When you’re feeling frazzled, a mentor may help you find perspective. Good mentors are supportive, honest, positive and emotionally available, with enough experience and wisdom to make their comments meaningful and relevant.
“If you’re in a small school, and you don’t have other music staff, don’t get into your little hole and not get out of it,” says Richard Sherrick, a retired music educator, choir director and band director from Parkway Local Schools in Rockford, Ohio. “If you’re the only music teacher, you can feel isolated. Reach out to people in other schools in the area.”
Rekindle your passion for your work by attending professional conferences, teaching new material or becoming a liaison to the state music educators association. It may inspire you in ways that you couldn’t imagine.
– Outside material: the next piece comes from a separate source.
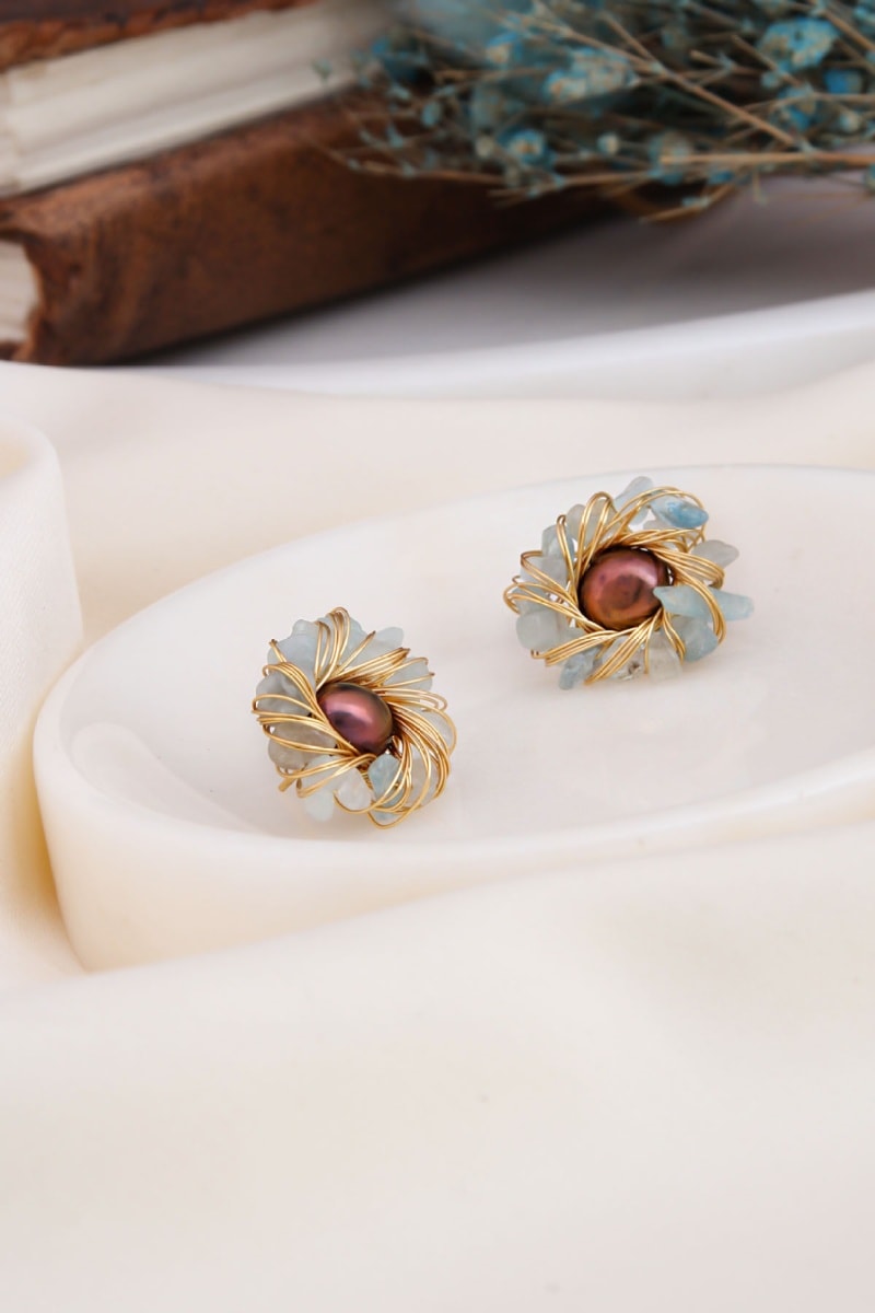 Materiali: ottone placcato oro giallo, opali e perle coltivate

“Where I really see long-term successful careers in music education are with those who continue to evolve their roles, not just within their classrooms but also within their community,” says Scott Lang, a music education advocate based in Chandler, Arizona. “They become mentor teachers [or] take on leadership roles [or] take on roles with a state music association. [They] chair the department [or] host a Facebook group or host a concert festival. That’s typically when I see long-term teachers who are just knocking it out of the park. After they conquer what has happened in the classroom, they try to conquer what happens outside.”
In addition to offering student-centered workshops and presenting at music conferences around the country, Lang has written several books, including “Leader of the Band“ and “Seriously?!: Ruminations, Affirmations, and Observations About the State of Music Education.”
Sharing small and appropriate details about yourself can help you bridge the two main parts of your life — the classroom and home — and it can help you connect with your students in a meaningful way. All this can lead to greater on-the-job satisfaction.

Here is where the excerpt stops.